> The input
*****

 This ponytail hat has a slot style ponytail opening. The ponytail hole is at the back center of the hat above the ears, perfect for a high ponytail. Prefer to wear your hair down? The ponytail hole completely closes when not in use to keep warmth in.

*****

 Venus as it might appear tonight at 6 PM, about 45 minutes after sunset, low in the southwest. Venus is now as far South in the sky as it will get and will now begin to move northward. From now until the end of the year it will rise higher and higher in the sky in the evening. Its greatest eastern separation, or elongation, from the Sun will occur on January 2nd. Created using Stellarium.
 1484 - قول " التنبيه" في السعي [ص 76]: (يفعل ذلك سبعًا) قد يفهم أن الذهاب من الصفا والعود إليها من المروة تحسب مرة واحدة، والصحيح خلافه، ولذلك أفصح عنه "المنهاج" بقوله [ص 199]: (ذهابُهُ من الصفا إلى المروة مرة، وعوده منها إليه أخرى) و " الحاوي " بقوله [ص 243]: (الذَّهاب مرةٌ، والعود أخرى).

*****

> Exercise aim
Will you return exactly the lines above from the one with "Venus as it" down to the one with "مرةٌ، والعود أخرى).", counting both as part of the range?

> Your response
 Venus as it might appear tonight at 6 PM, about 45 minutes after sunset, low in the southwest. Venus is now as far South in the sky as it will get and will now begin to move northward. From now until the end of the year it will rise higher and higher in the sky in the evening. Its greatest eastern separation, or elongation, from the Sun will occur on January 2nd. Created using Stellarium.
 1484 - قول " التنبيه" في السعي [ص 76]: (يفعل ذلك سبعًا) قد يفهم أن الذهاب من الصفا والعود إليها من المروة تحسب مرة واحدة، والصحيح خلافه، ولذلك أفصح عنه "المنهاج" بقوله [ص 199]: (ذهابُهُ من الصفا إلى المروة مرة، وعوده منها إليه أخرى) و " الحاوي " بقوله [ص 243]: (الذَّهاب مرةٌ، والعود أخرى).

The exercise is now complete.